Topical Absorption of Glutathione-cyclodextrin Complex in Healthy Human Subjects Improves Immune Response Against Mycobacterium Infection

Phase 1

Completed

• Conditions: Glutathione-cyclodextrin Complex Absorption
• Interventions: Dietary Supplement: Placebo Solution; Dietary Supplement: Glutaryl Solution

• Registration Number: NCT05926245
• Lead Sponsor: Western University of Health Sciences

Brief Summary

The proposed clinical trial will confirm the therapeutic absorption of glutathione following topical Glutaryl application in increasing blood GSH levels without an invasive procedure.

GOAL: Confirm therapeutic level of glutathione following topical transdermal application.

HYPOTHESIS: The hypothesis of the proposed study is that the glutathione administration will increase RBC levels of glutathione above 80%.

AIM: Determine a non-invasive way to increase glutathione levels in the plasma and blood cells.

This aim will be accomplished as follows:

STEP 1: We will recruit eligible healthy participants in the two study groups who are not currently taking any glutathione or N-acetyl cysteine (NAC) supplementation.

STEP 2: Determine baseline levels of GSH, free radicals and cytokines through analysis of venipuncture blood draws.

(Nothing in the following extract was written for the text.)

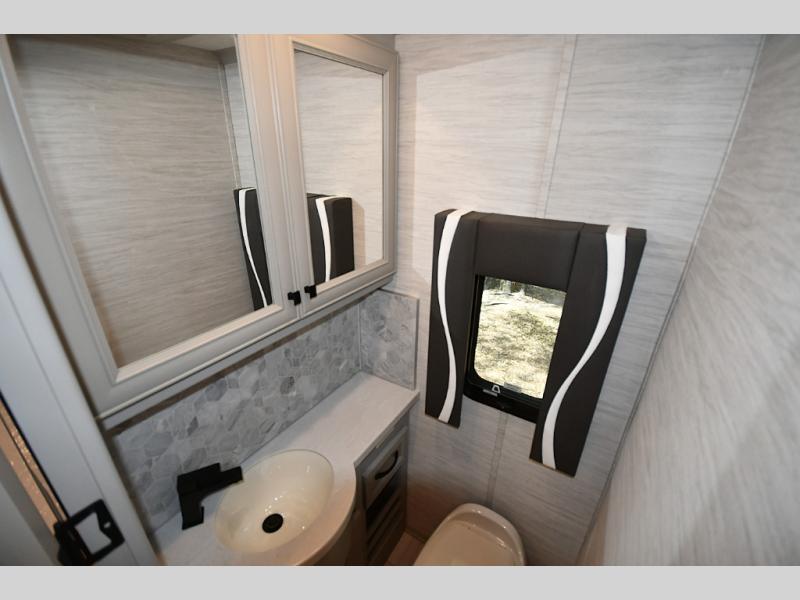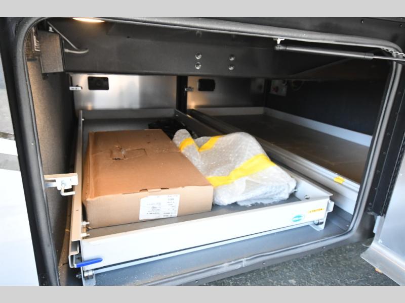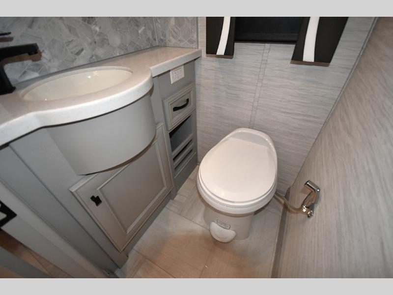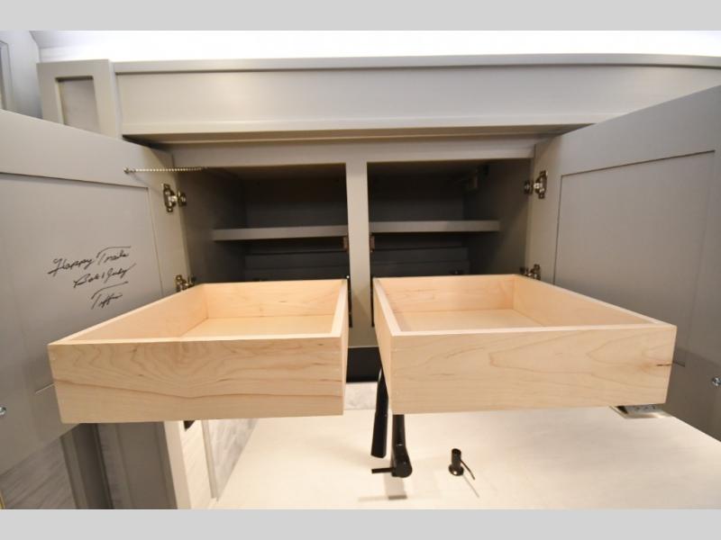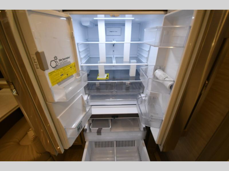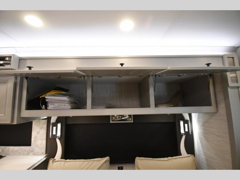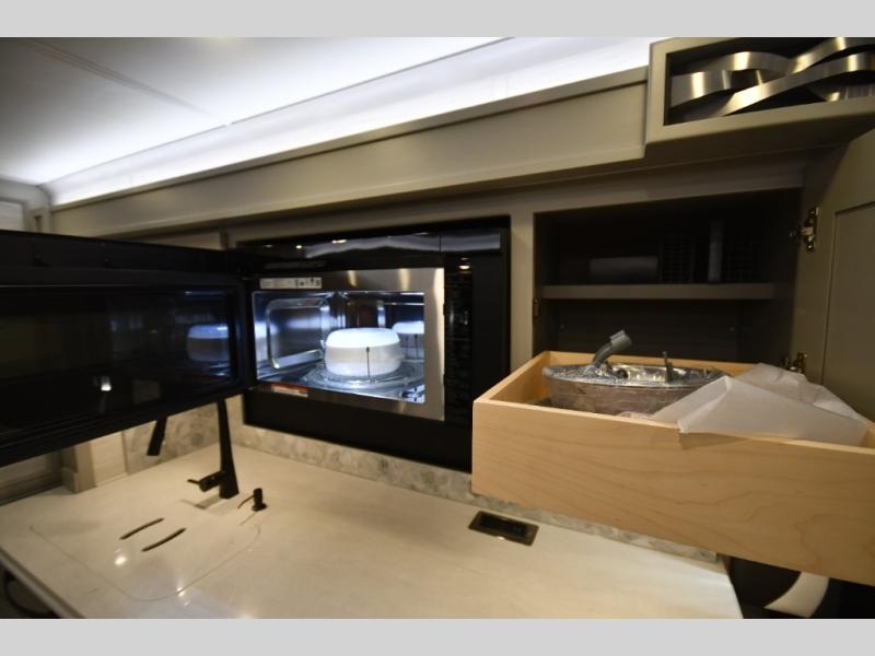 The gourmet kitchen is equipped for real cooking on the road, featuring solid-surface countertops, a residential refrigerator, induction cooktop, convection microwave, and generous storage. Whether you're preparing a quick breakfast or a full dinner after a day of exploring, the Phaeton makes every meal feel like home.

STEP 3: Study subjects will be asked to spray themselves with either placebo or Glutaryl four times twice a day for three days on the ventral part of the abdomen. Measure the levels of GSH, free radicals and cytokines after 1 hour, 4 hour and 72 hours.

Detailed Description

Not available

Study Timeline

• Study Start: 2022-07-11
• Primary Completion: 2022-08-02
• Study Completion: 2022-12-14
• Status Verified: 2023-06
• Study First Submitted: 2023-06-17
• Study First Submitted QC: 2023-06-26
• Last Update Submitted: 2023-06-26
• Study First Posted: 2023-07-03
• Last Update Posted: 2023-07-03

Recruitment & Eligibility

• Status: COMPLETED
• Sex: All
• Target Recruitment: 30

Inclusion Criteria

• Group 1 (Control group) will include 15 healthy volunteers with the age group between 21-65. Participants belonging to Group 1 will be recruited from the local area. Group 1 will serve as controls for Group 2.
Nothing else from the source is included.